Damit räumten sie eine Hürde für eine Lösung des monatelangen Tarifstreits beim bundeseigenen Konzern aus dem Weg. Der GDL-Vorsitzende Manfred Schell sprach nach einem Spitzentreffen bei Bahnchef Hartmut Mehdorn in Berlin von einem befriedigenden Ergebnis. Er bekräftigte, dass zunächst keine neuen Streiks drohten. Die Verhandlungen mit der Bahn sollen an diesem Freitag in Frankfurt/Main fortgesetzt werden.

Der Transnet-Vorsitzende Norbert Hansen sagte: "Wir sind einen erheblichen Schritt weitergekommen in der Frage des gegenseitigen Vertrauens." Im Rahmen eines neuen Tarifsystems soll die GDL mit der Bahn einen eigenständigen Tarifvertrag für die Lokführer aushandeln. Beide Seiten hatten in der vergangenen Woche vereinbart, darin bis Ende Januar Regelungen zu Arbeitszeiten und Entgelten festzulegen. Die GDL hatte bereits damals zugesagt, während der Verhandlungen auf Streiks zu verzichten.

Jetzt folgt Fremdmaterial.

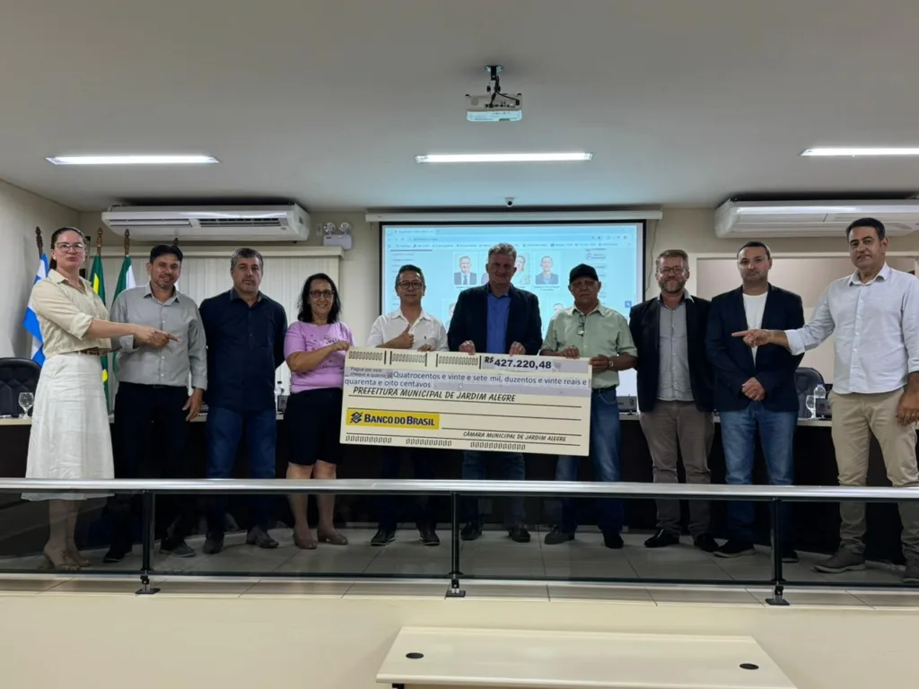 A Câmara de Vereadores de Jardim Alegre realizou a devolução de recursos ao Executivo Municipal, referente à economia feita ao longo de 2025 com o repasse do duodécimo. O valor devolvido soma R$ 427.220,48, conforme cheque apresentado durante o ato oficial.

Transnet und GDBA sollen parallel für fünf weitere Berufsgruppen- Tarifverträge mit der Bahn verhandeln. Bei dem Spitzentreffen wurde am Donnerstag eine gegenseitige Anerkennung der Tarifverträge vereinbart. Als Klammer über den sechs Funktions-Tarifverträgen soll ein Basis-Tarifvertrag mit allgemeinen Bestimmungen für alle Beschäftigten dienen.

Noch nicht geklärt ist jedoch, welche Beschäftigten in welche Funktionsgruppe fallen. Transnet beansprucht die Verhandlungsführung für die Lokführer in Werkstätten und auf Rangierbahnhöfen, die mehrheitlich bei ihr organisiert sind. In der Frage sei man nun aber gesprächsfähig, sagte Hansen nach dem Treffen. Die Kooperationsvereinbarung könne sicherstellen, dass Transnet-Lokführer tariflich nicht schlechter gestellt würden als Kollegen auf der Strecke, von denen die meisten Mitglieder der GDL sind.

Bundesverkehrsminister Wolfgang Tiefensee (SPD) hatte sich vor dem Treffen zurückhaltend zu den Chancen für eine Einigung in dem seit Monaten schwelenden Konflikt mit der GDL geäußert. "Die großen Probleme liegen immer noch vor uns. Es braucht noch viel Arbeit und Kompromissbereitschaft, um hier zu einer Lösung zu kommen." Auch Mehdorn hatte sich am Mittwoch "sehr skeptisch" gezeigt. Nach dem Treffen äußerte er sich nicht.